The ‘gang’ walked through Oxford when one threw a plant pot through the window of a restaurant. The burglar alarm was activated and police descended with sniffer dogs. Six of the group were collared and spent the night at Cowley police station before being released without charge.

The ‘gang’ enjoyed a famously explosive dinner at the White Hart near Oxford in 2005. “All the food and plates had been thrown everywhere and they were jumping on top of each other on the table like kids in a playground,” recalled the pub’s landlord Ian Rogers.

On one occasion the ‘gang’ hired a string band to play at a garden party and ended up smashing up all the instruments, including a Stradivarius.

This brand of self-destruction led to headlines worldwide, and was even reported in the New York Times, which described students as being guilty of committing an orgie (sic) of destruction that went into the early hours of the morning.

However, these are not the activities of a gang of the suburbs of London or any other large city in the UK but they are those of the Bullingdon Club.
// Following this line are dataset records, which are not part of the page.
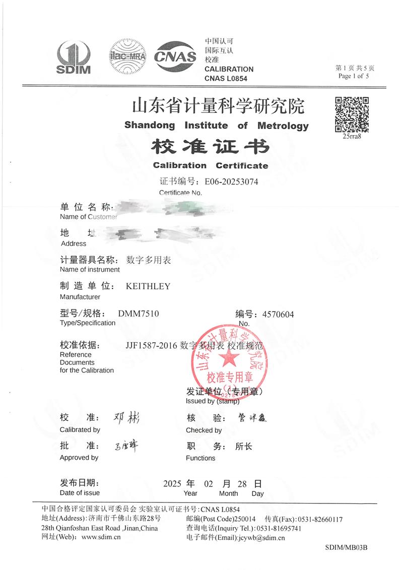 | 上一條:高精度數(shù)字溫度計(jì)校準(zhǔn)證書(shū) | 下一條:便攜式干體爐(-30-150℃)校準(zhǔn)證書(shū) |
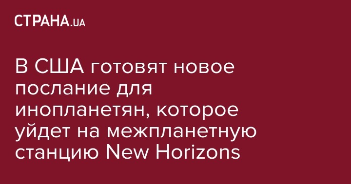 В США начался сбор средств на отправку еще одного послания инопланетным цивилизациям с помощью межпланетной станции NASA New Horizons, передает канал NBC.
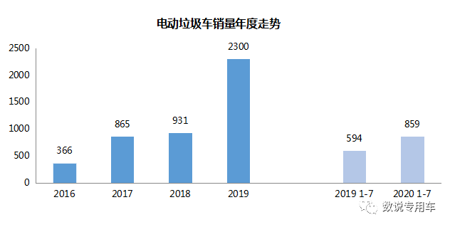2018年7月国务院关于印发的《打赢蓝天保卫战三年行动计划》中要求“加快推进城市建成区新增和更新的公交、环卫、邮政、出租、通勤、轻型物流配送车辆使用新能源或清洁能源汽车,核心区域使用比例达到80%。” 2019年电动垃圾车销量增长147%。今年1-7月,电动垃圾车销量同比增长44.6%。
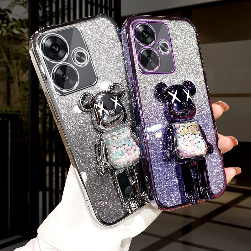 Sales promotion For Infinix Hot 40 40i 40 Pro 30 30i 30 20 12 11 10 9 Play 11s NFC Back Cover Luxury Slim Gradient Glitter Phone Case with 3D Bear Stand Holder for Girls Clear Soft Silicone Protective Pouch Stylish Design
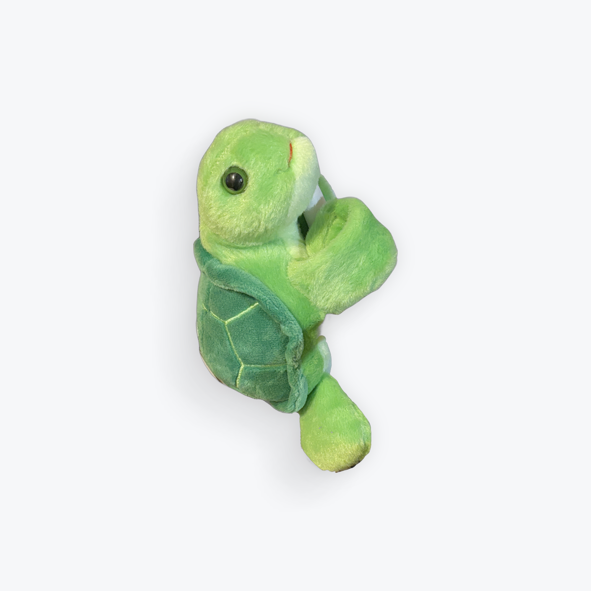 This turtle snap bracelet doubles as a stuffy, and an accessory. Lots of snapping fun!
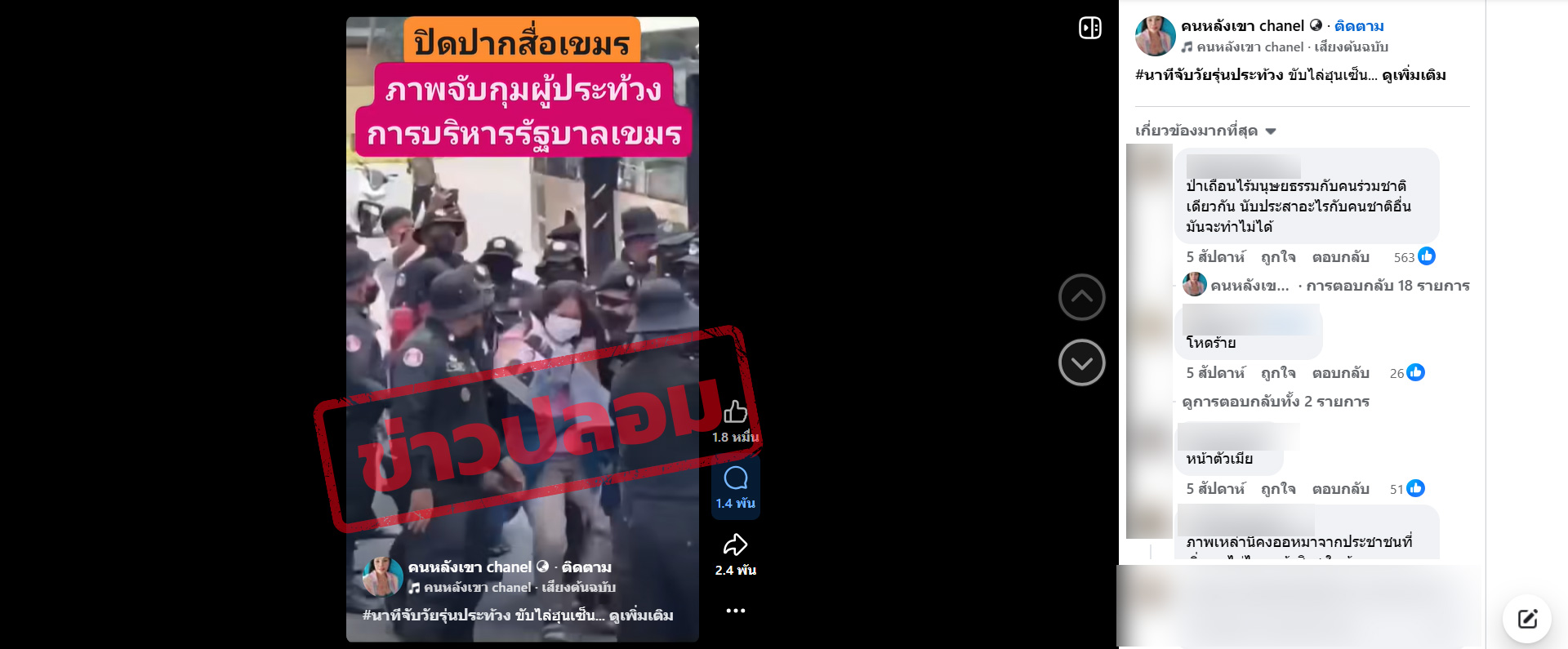 ตรวจสอบพบบัญชีผู้ใช้รายหนึ่งโพสต์คลิปอ้างเกิดเหตุการณ์จับกุมผู้ประท้วงการบริหารรัฐบาลกัมพูชา “ขับไล่ฮุนเซ็น” โดยปรากฏยอดถูกใจ 18,000 ครั้ง รวมถึงมีผู้เข้ามาแสดงความคิดเห็น 1,400 ข้อความ และแชร์ 2,400 ครั้ง
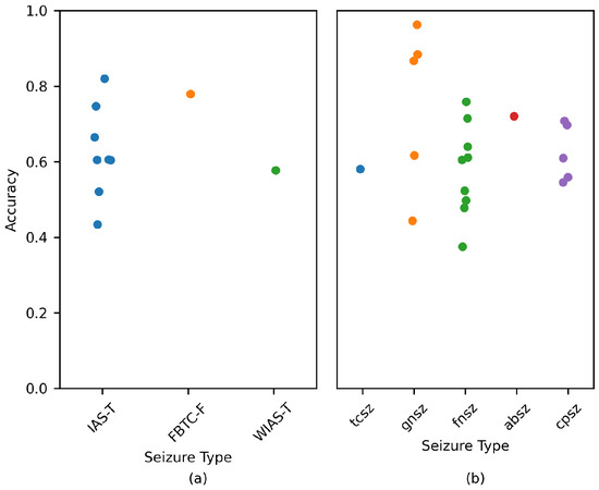 Moreover, the TUSZ-related values spanned an extensive range, meaning that the model was able to achieve good performance for some patients while showing poor results for others. As displayed in Table 4, the models tended to be more sensitive than specific. As mentioned before, it is important to consider that the TUSZ dataset contains both pediatric and adult patients; thus, such heterogeneity may be reflected in the dispersion of the prediction performances.

A club comprised of selected students of Oxford University. Young men who have enjoyed a privileged upbringing and expensive education (around 60% are ex-Eton scholars – the rest went to really posh public schools), they are largely solid high-achievers who see this kind of thing as a ‘social networking experience’. The cost of buying the Club’s uniform, at around £2,000-£3,000, clearly indicates the members are extremely wealthy.
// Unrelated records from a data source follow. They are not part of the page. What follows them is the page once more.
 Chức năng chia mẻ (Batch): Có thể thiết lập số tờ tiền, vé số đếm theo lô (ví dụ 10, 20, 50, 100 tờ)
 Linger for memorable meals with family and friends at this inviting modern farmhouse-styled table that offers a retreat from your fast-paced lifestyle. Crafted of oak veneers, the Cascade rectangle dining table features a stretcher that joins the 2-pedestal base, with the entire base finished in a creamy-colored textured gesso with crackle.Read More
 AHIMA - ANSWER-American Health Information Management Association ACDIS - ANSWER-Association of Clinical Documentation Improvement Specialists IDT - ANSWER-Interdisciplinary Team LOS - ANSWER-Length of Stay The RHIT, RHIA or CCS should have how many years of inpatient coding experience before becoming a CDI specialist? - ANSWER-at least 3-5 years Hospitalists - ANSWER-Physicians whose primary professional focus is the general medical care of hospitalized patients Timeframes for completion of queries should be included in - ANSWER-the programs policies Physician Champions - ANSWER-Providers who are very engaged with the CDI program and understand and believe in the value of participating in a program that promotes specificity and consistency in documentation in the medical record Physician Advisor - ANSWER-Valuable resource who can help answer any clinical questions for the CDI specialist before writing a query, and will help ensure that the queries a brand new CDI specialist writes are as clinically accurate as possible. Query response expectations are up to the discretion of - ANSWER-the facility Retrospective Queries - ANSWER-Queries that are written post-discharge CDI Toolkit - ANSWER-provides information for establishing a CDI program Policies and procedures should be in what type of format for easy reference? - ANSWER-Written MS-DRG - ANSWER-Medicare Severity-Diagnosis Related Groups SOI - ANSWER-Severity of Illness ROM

The reasons given for the causes of the riots – social deprivation, financial hardship, poor education etc – do not apply to members of the Bullingdon Club. So what is the explanation? Mr Cameron, one of four people who escaped a night in the Cowley police cells after the ‘plant pot incident’, has refused to comment, saying merely: “Like many people, I did things when I was young that I should not have done, and that I regret.”

Clearly riotous behaviour is not restricted by social class and therefore the investigations into the August riots perhaps needs to consider the activities of the Bullingdon Club to gain a more complete picture of what motivates young people, in particular, to behave in an anti-social manner.